_Task to complete_:
The data must be given again exactly as written, with all images omitted.

_Dataset content_:
----

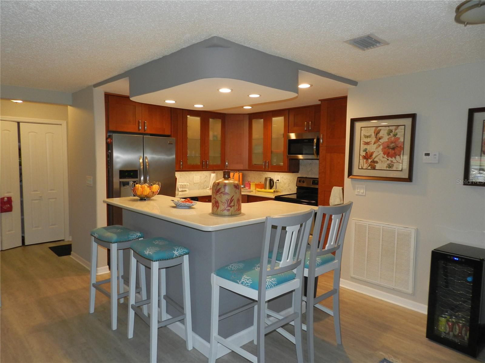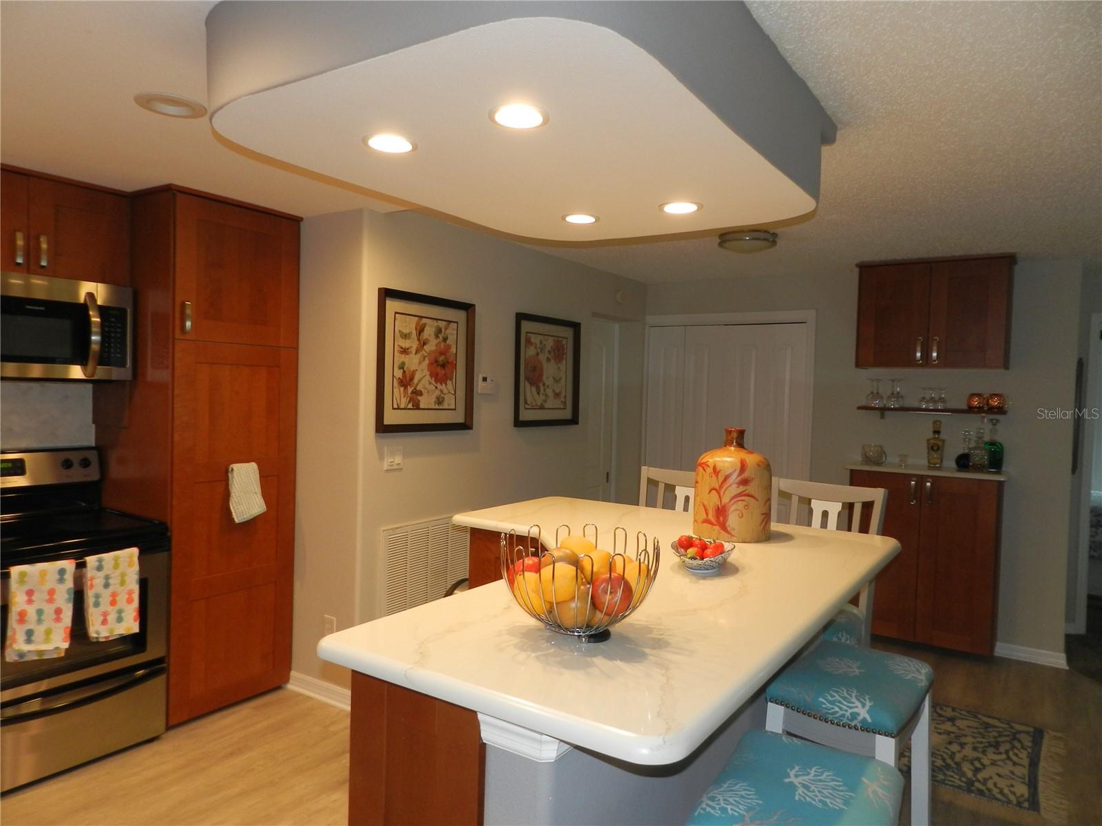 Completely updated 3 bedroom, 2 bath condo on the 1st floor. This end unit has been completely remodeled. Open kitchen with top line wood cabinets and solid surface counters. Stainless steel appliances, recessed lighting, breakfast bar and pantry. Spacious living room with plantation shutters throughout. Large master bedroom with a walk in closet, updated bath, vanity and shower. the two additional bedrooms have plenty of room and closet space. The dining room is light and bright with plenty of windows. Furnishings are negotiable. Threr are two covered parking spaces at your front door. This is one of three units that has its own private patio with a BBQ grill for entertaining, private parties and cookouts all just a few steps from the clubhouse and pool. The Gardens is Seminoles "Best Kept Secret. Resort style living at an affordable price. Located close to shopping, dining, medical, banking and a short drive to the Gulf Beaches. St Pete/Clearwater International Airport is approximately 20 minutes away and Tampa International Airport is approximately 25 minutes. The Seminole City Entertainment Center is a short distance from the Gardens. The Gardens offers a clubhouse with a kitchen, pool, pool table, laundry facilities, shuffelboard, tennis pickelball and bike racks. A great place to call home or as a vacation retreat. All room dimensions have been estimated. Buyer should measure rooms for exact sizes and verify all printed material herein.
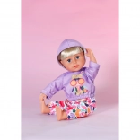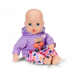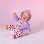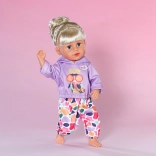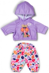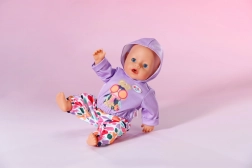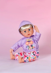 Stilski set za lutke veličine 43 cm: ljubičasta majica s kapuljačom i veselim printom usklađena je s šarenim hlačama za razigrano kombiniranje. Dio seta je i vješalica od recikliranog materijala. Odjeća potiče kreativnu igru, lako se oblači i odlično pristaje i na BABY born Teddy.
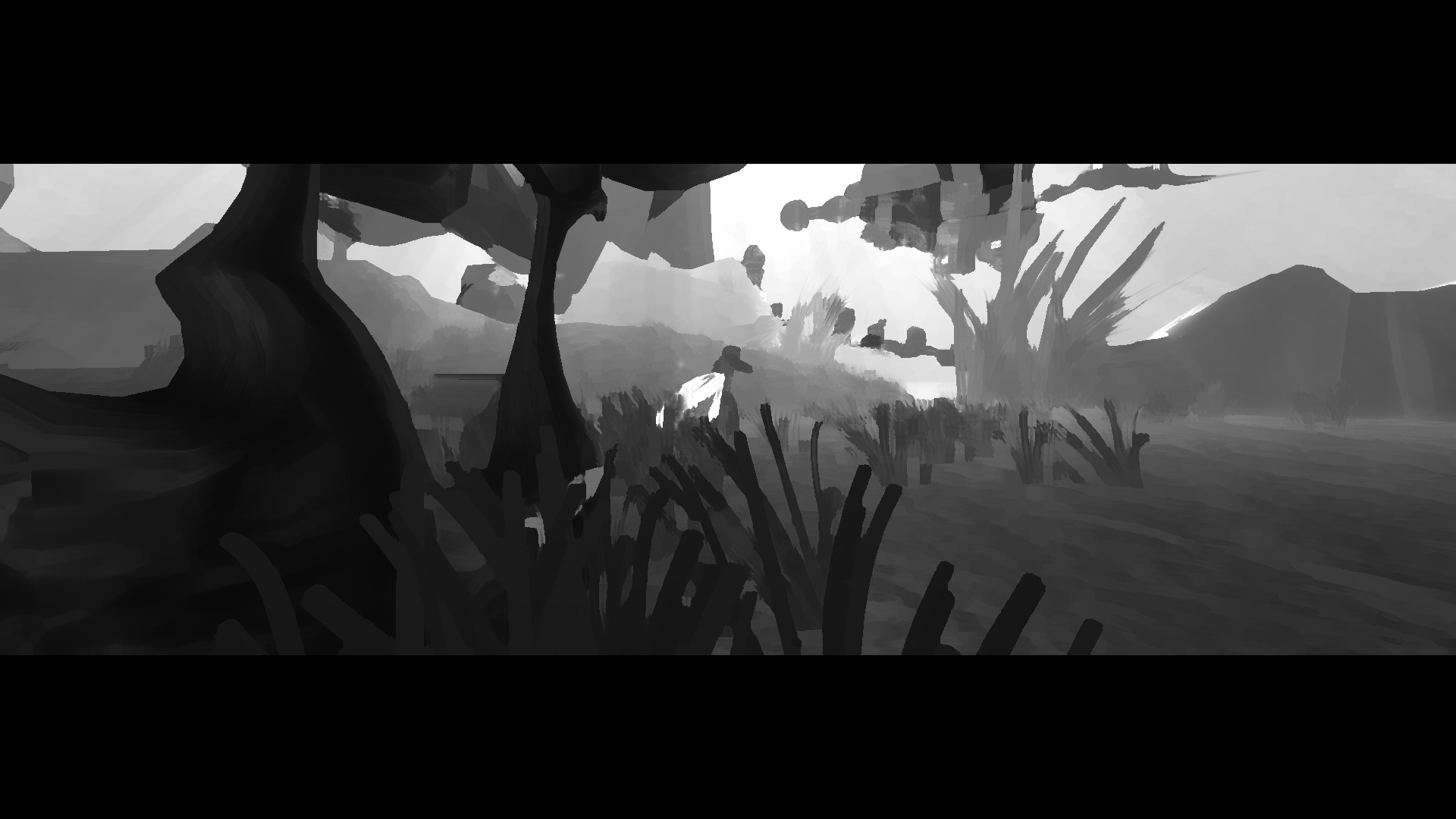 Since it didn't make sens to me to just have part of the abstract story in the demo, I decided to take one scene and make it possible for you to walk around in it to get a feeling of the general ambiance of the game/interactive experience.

----

_Solution to this exercise_:
 Completely updated 3 bedroom, 2 bath condo on the 1st floor. This end unit has been completely remodeled. Open kitchen with top line wood cabinets and solid surface counters. Stainless steel appliances, recessed lighting, breakfast bar and pantry. Spacious living room with plantation shutters throughout. Large master bedroom with a walk in closet, updated bath, vanity and shower. the two additional bedrooms have plenty of room and closet space. The dining room is light and bright with plenty of windows. Furnishings are negotiable. Threr are two covered parking spaces at your front door. This is one of three units that has its own private patio with a BBQ grill for entertaining, private parties and cookouts all just a few steps from the clubhouse and pool. The Gardens is Seminoles "Best Kept Secret. Resort style living at an affordable price. Located close to shopping, dining, medical, banking and a short drive to the Gulf Beaches. St Pete/Clearwater International Airport is approximately 20 minutes away and Tampa International Airport is approximately 25 minutes. The Seminole City Entertainment Center is a short distance from the Gardens. The Gardens offers a clubhouse with a kitchen, pool, pool table, laundry facilities, shuffelboard, tennis pickelball and bike racks. A great place to call home or as a vacation retreat. All room dimensions have been estimated. Buyer should measure rooms for exact sizes and verify all printed material herein.
 Stilski set za lutke veličine 43 cm: ljubičasta majica s kapuljačom i veselim printom usklađena je s šarenim hlačama za razigrano kombiniranje. Dio seta je i vješalica od recikliranog materijala. Odjeća potiče kreativnu igru, lako se oblači i odlično pristaje i na BABY born Teddy.
 Since it didn't make sens to me to just have part of the abstract story in the demo, I decided to take one scene and make it possible for you to walk around in it to get a feeling of the general ambiance of the game/interactive experience.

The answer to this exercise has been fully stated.